She rolled over on the spot to her back so that she could move more freely and also see better. As Kana moved, Mephis raised up her foot, but Kana had expected that. The moment her heel came down, Kana stared up at her without a blink, stuck out her index finger, and pointed. “Only your underwear is white. You don’t think that color scheme is lacking in overall balance?”

Since the heel came down on her immediately after that, Kana never saw her reaction, but she felt as if a sort of upset was communicated through the sole of her shoe. You could say that Kana’s plan to make use of language for emotional damage rather than responding to violence with violence had basically been a success. Taking the heel with her sturdy forehead had also kept the physical damage to a minimum.

Satisfied by these results as she took that heel to the head over and over, Kana gave a little nod.

  Tetty Goodgripp

The bell rang, the teacher came into the classroom, everyone returned to their own seats, and the class began as if nothing had happened. Second period that day was Japanese.

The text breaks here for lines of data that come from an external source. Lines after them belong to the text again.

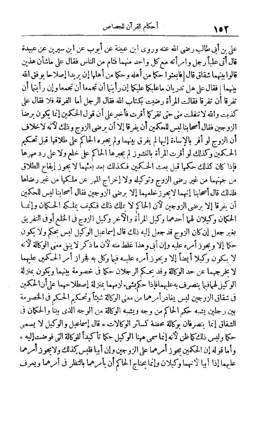 وَرَوَى ابْنُ عُيَيْنَةَ عَنْ أَيُّوبَ عَنْ ابْنِ سِيرِينَ عَنْ عُبَيْدَةَ قَالَ أَتَى عَلِيًّا رَجُلٌ وَامْرَأَتُهُ مَعَ كُلِّ وَاحِدٍ مِنْهُمَا فِئَامٌ مِنْ النَّاسِ فَقَالَ عَلِيٌّ مَا شَأْنُ هَذَيْنِ قَالُوا بَيْنَهُمَا شِقَاقٌ قَالَ فَابْعَثُوا حَكَماً مِنْ أَهْلِهِ وَحَكَماً مِنْ أَهْلِها إِنْ يُرِيدا إِصْلاحاً يُوَفِّقِ اللَّهُ بَيْنَهُما فَقَالَ عَلِيٌّ هَلْ تَدْرِيَانِ مَا عَلَيْكُمَا عَلَيْكُمَا إنْ رَأَيْتُمَا أَنْ تَجْمَعَا أَنْ تَجْمَعَا وَإِنْ رَأَيْتُمَا أَنْ تُفَرِّقَا أَنْ تَفَرَّقَا فَقَالَتْ الْمَرْأَةُ رَضِيتُ بِكِتَابِ اللَّهِ فَقَالَ الرَّجُلُ أَمَّا الْفُرْقَةُ فَلَا فَقَالَ عَلِيٌّ كَذَبْت وَاَللَّهِ لَا تَنْفَلِت منى حتى تقركما أَقَرَّتْ
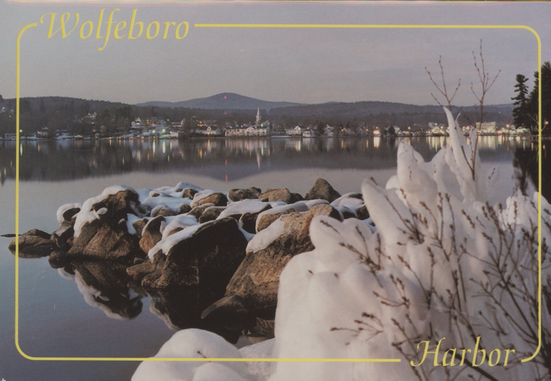 Wolfeboro Harbor, from Clark Point in winter. Modern card.
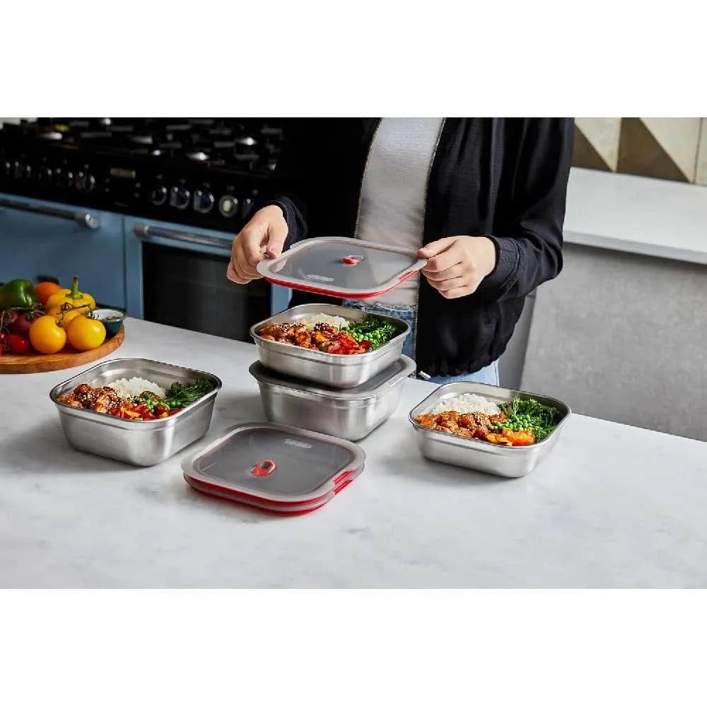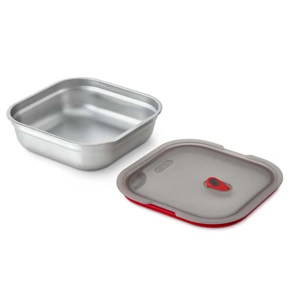 Black+Blum | Steel Food Box | 900ml / Grey/Red | Microwavable Lunch Bowl

As the teacher was explaining the function of particles, Fujino was about to feel very anxious, but she didn’t have the time for that. She had to check Arlie’s and Dory’s workbooks. Since the condition for getting into this class was being a magical girl, their academic abilities as humans were all over the spectrum, but these two weren’t even at the level to be taking middle school classes in the first place, so they followed an independent-study curriculum, doing work directed at younger students. They’d arranged a system where Fujino, being the group’s leader, would check their work in class whenever she had the opportunity. Maybe this was just a result of the teacher’s lack of motivation, but Fujino wasn’t about to complain. Nothing good would come of being considered a problem child. She wanted the teacher to think of her as a good, hardworking student who would do as she was told.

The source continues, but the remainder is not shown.